It’s impossible to forget. Especially because it’s my fault we have to go through this.

“Course not. But zombies don’t like miseries. If you don’t cheer up, they’ll get you.” I roll my eyes back again and hang my tongue out. As I lurch into him, a very convincing zombie-like groan escapes from my mouth.

Dillon smiles. A tiny sideways smile, but it is there.

Then my father picks up some Cadbury chocolate fingers and Mum freaks out.

“He hates those, Colin,” she says, loud enough that people turn and stare at us. I look at Dillon. He shakes his head and pretends to read a sign on the shelf behind.

“Well, he won’t have to eat them,” my father mutters.

“That’s not the point!”

When my father puts the fingers in the trolley anyway, Mum whimpers and pulls her hair, her fingers working through her curls like hungry little worms.

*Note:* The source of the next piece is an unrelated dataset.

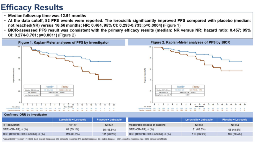 [4]、Xichun Hu,et al.LEONARDA-2:Lerociclib plus letrozole versus placebo plus letrozole in HR+/HER2-advanced or metastatic breast cancer.2024 ASCO abstract 1052

“Why are you being so insensitive?” she says, spitting the words out.

My father stands quietly, looking around, shaking his head. I’m not going to help him out; he is being insensitive. He steps back as Mum hurls packets of biscuits at his feet. We seem to have taken over the snacks aisle, and there’s a crowd of people at one end watching us. Two of them I recognize from school, so I hide behind a shopping trolley filled with Jaffa Cakes. I think about doing my zombie impression to distract them from my parents’ argument, but I’m stuck to the floor with shame. Dillon is still reading the sign on the shelf, but it’s obvious he’s pretending, because even from here I can see it says OUT OF STOCK in big red letters.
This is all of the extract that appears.